Problem statement
Write out exactly the lines below starting at the one containing "為了激勵引導我院學生崇尚先進" and ending at the one containing "Wir bieten Ihnen". Omit every picture.
*** Data for processing
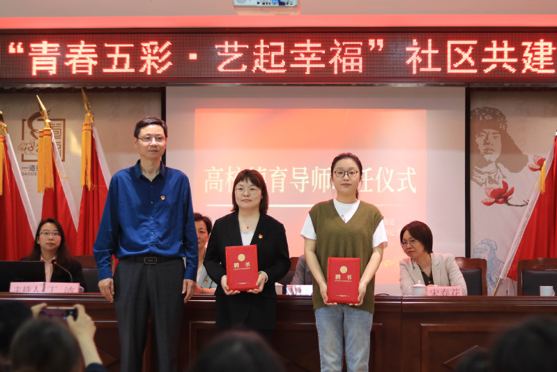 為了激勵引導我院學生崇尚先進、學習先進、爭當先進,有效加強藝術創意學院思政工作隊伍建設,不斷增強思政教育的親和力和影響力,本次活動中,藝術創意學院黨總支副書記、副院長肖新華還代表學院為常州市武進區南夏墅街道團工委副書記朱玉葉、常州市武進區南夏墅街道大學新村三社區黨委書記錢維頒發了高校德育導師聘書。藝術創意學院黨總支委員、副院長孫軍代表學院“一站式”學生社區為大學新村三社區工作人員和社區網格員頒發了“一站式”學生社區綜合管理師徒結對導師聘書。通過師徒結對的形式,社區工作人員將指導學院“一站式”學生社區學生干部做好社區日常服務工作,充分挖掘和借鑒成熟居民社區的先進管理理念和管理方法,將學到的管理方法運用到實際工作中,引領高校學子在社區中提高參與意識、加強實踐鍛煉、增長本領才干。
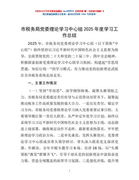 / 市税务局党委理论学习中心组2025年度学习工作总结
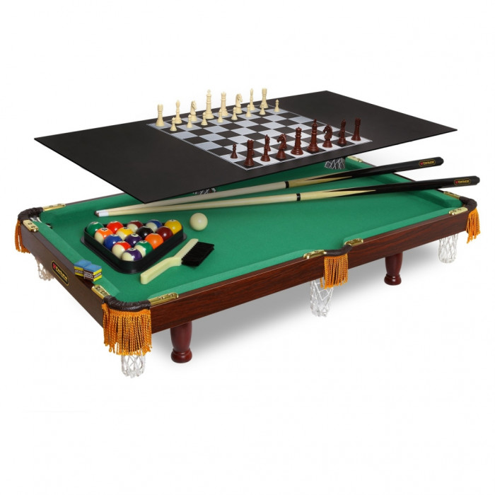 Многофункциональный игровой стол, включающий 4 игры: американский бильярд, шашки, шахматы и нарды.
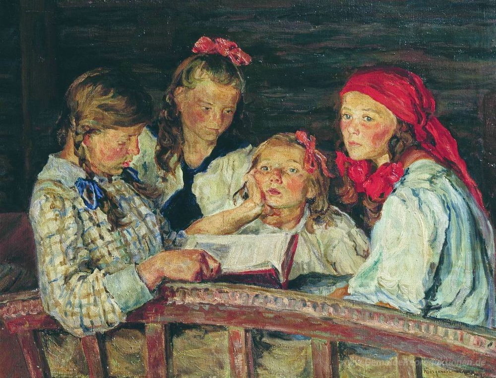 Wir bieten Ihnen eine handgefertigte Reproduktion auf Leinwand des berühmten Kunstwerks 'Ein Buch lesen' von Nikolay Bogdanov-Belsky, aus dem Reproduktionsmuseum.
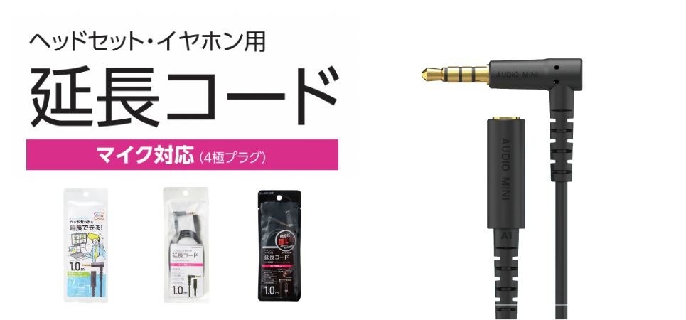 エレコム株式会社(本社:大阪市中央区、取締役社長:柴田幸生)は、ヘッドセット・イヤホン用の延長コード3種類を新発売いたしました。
******
*** Data for processing
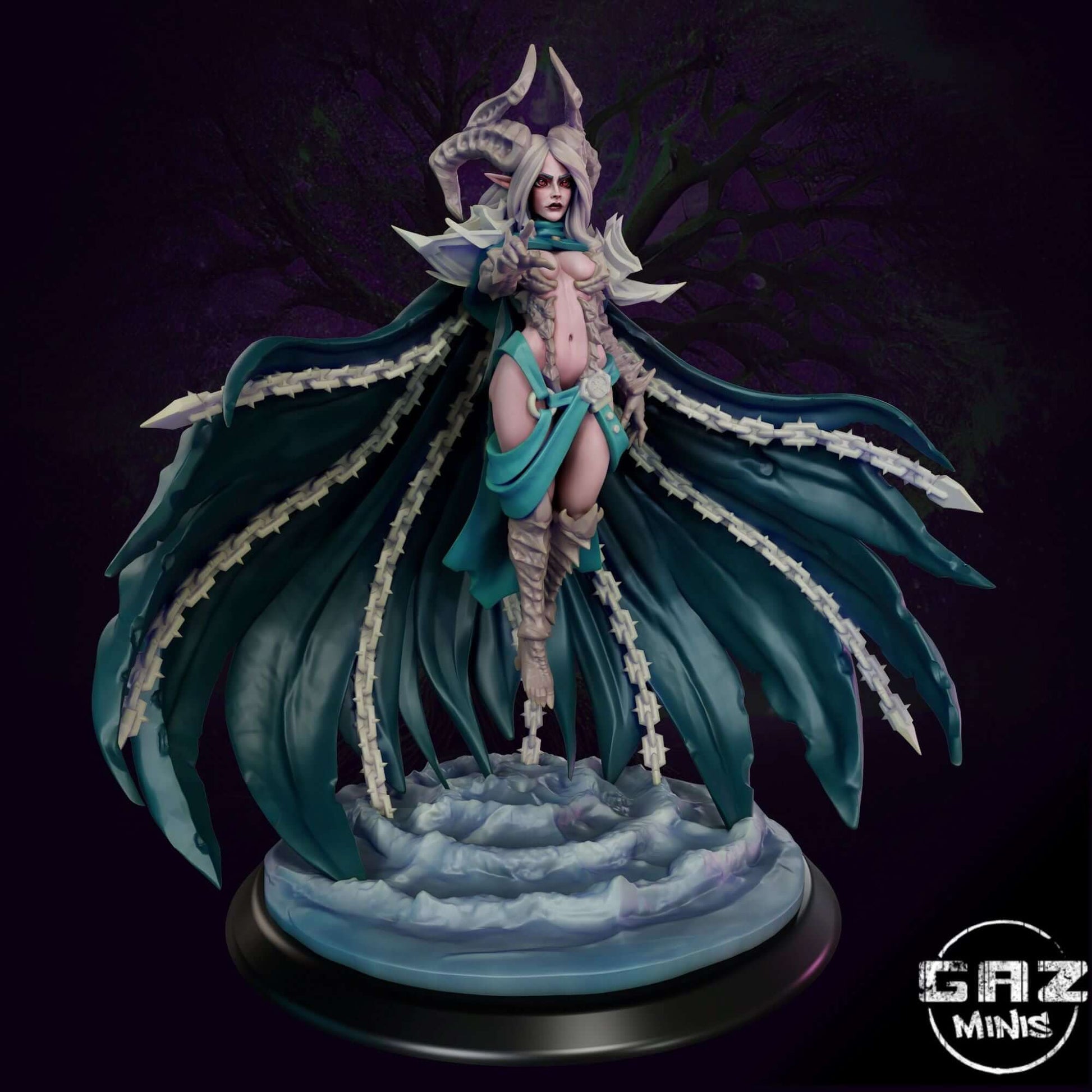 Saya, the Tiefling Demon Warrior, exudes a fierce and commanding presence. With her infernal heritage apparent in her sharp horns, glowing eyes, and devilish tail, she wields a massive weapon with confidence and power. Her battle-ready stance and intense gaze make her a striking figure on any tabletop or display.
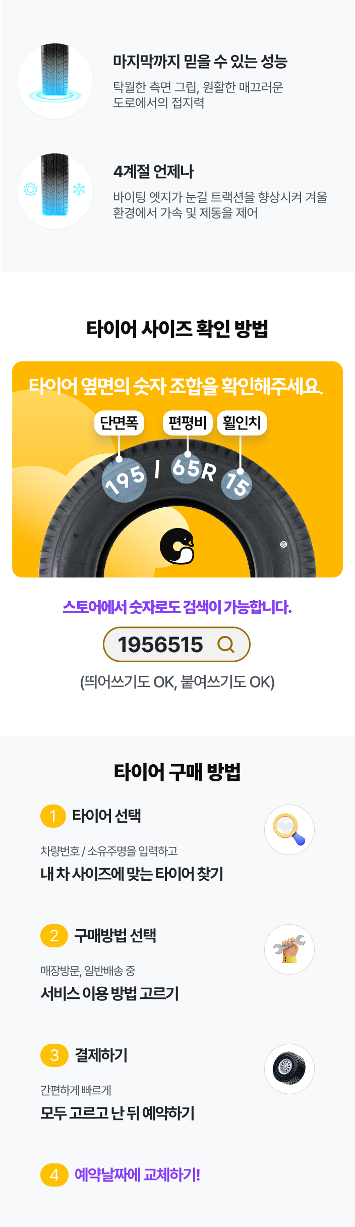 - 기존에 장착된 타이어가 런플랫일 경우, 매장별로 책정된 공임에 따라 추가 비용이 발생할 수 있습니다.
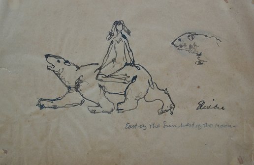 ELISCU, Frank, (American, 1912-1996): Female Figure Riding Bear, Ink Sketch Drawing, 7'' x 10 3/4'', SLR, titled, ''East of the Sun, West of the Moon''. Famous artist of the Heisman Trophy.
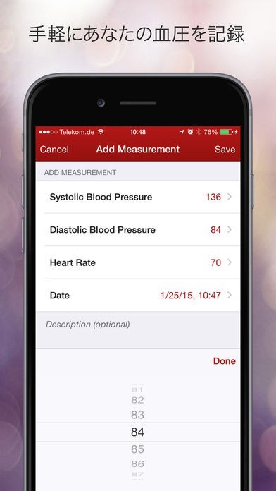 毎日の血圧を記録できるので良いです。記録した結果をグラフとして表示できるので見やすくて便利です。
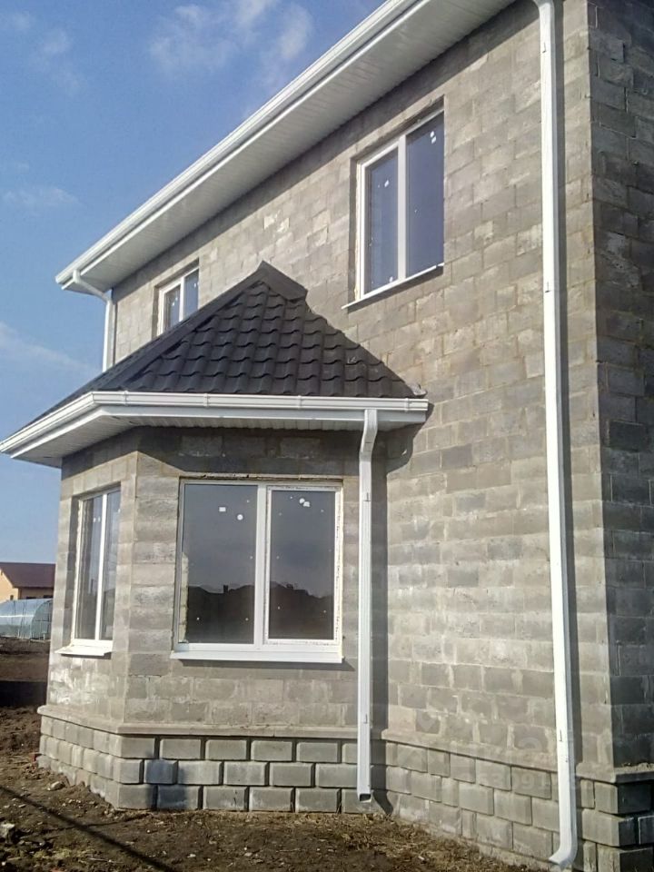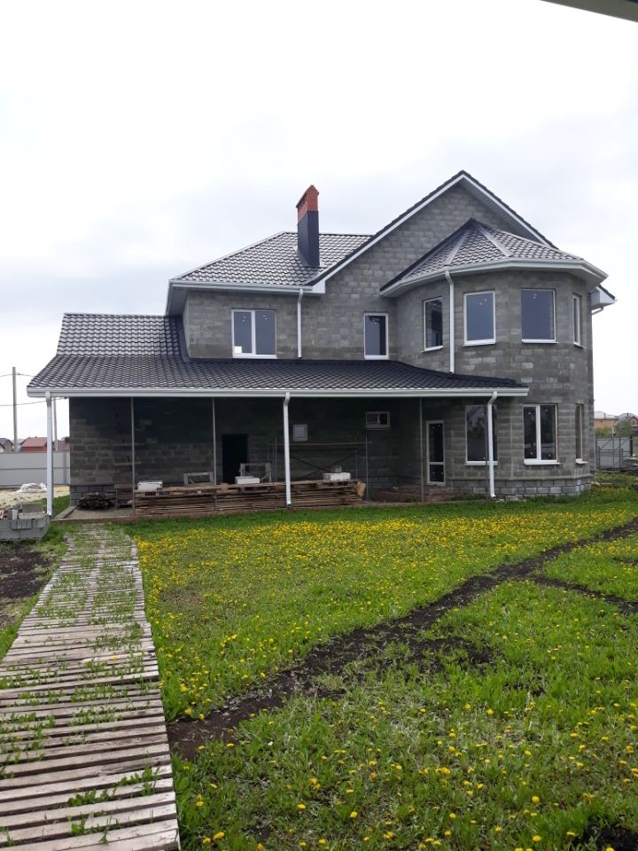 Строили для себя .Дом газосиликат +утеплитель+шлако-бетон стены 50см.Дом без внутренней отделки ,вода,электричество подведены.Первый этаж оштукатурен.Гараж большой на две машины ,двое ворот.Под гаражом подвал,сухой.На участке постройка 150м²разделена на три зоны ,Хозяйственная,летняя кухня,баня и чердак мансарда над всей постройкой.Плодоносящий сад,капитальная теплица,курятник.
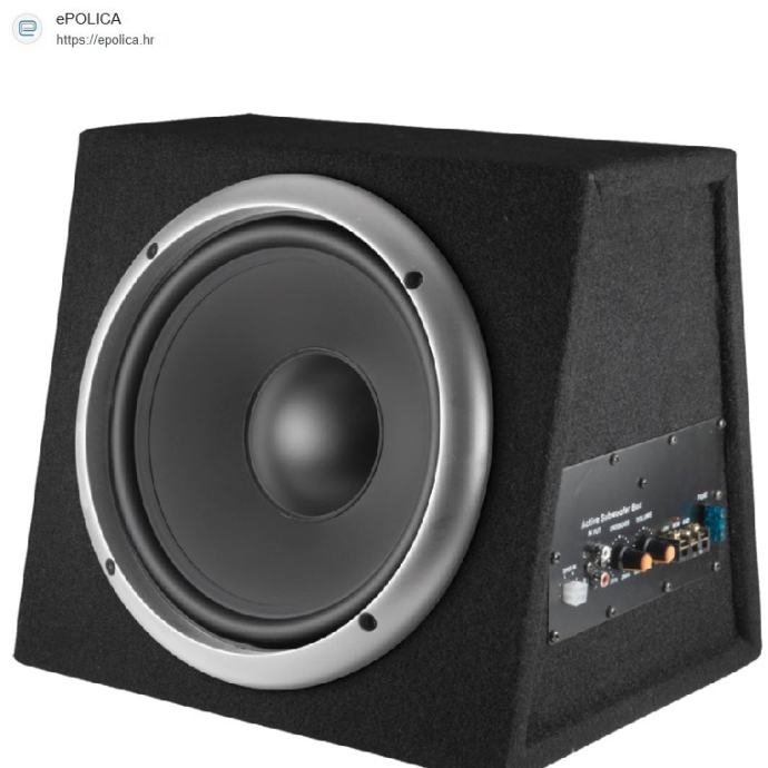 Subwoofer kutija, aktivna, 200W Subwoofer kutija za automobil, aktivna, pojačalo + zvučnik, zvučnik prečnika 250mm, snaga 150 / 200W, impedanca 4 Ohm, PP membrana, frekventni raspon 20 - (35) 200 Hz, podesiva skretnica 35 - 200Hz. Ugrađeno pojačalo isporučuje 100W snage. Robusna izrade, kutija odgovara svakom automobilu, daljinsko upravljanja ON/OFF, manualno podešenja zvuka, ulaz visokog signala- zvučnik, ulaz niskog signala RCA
******
Task output
 為了激勵引導我院學生崇尚先進、學習先進、爭當先進,有效加強藝術創意學院思政工作隊伍建設,不斷增強思政教育的親和力和影響力,本次活動中,藝術創意學院黨總支副書記、副院長肖新華還代表學院為常州市武進區南夏墅街道團工委副書記朱玉葉、常州市武進區南夏墅街道大學新村三社區黨委書記錢維頒發了高校德育導師聘書。藝術創意學院黨總支委員、副院長孫軍代表學院“一站式”學生社區為大學新村三社區工作人員和社區網格員頒發了“一站式”學生社區綜合管理師徒結對導師聘書。通過師徒結對的形式,社區工作人員將指導學院“一站式”學生社區學生干部做好社區日常服務工作,充分挖掘和借鑒成熟居民社區的先進管理理念和管理方法,將學到的管理方法運用到實際工作中,引領高校學子在社區中提高參與意識、加強實踐鍛煉、增長本領才干。
 / 市税务局党委理论学习中心组2025年度学习工作总结
 Многофункциональный игровой стол, включающий 4 игры: американский бильярд, шашки, шахматы и нарды.
 Wir bieten Ihnen eine handgefertigte Reproduktion auf Leinwand des berühmten Kunstwerks 'Ein Buch lesen' von Nikolay Bogdanov-Belsky, aus dem Reproduktionsmuseum.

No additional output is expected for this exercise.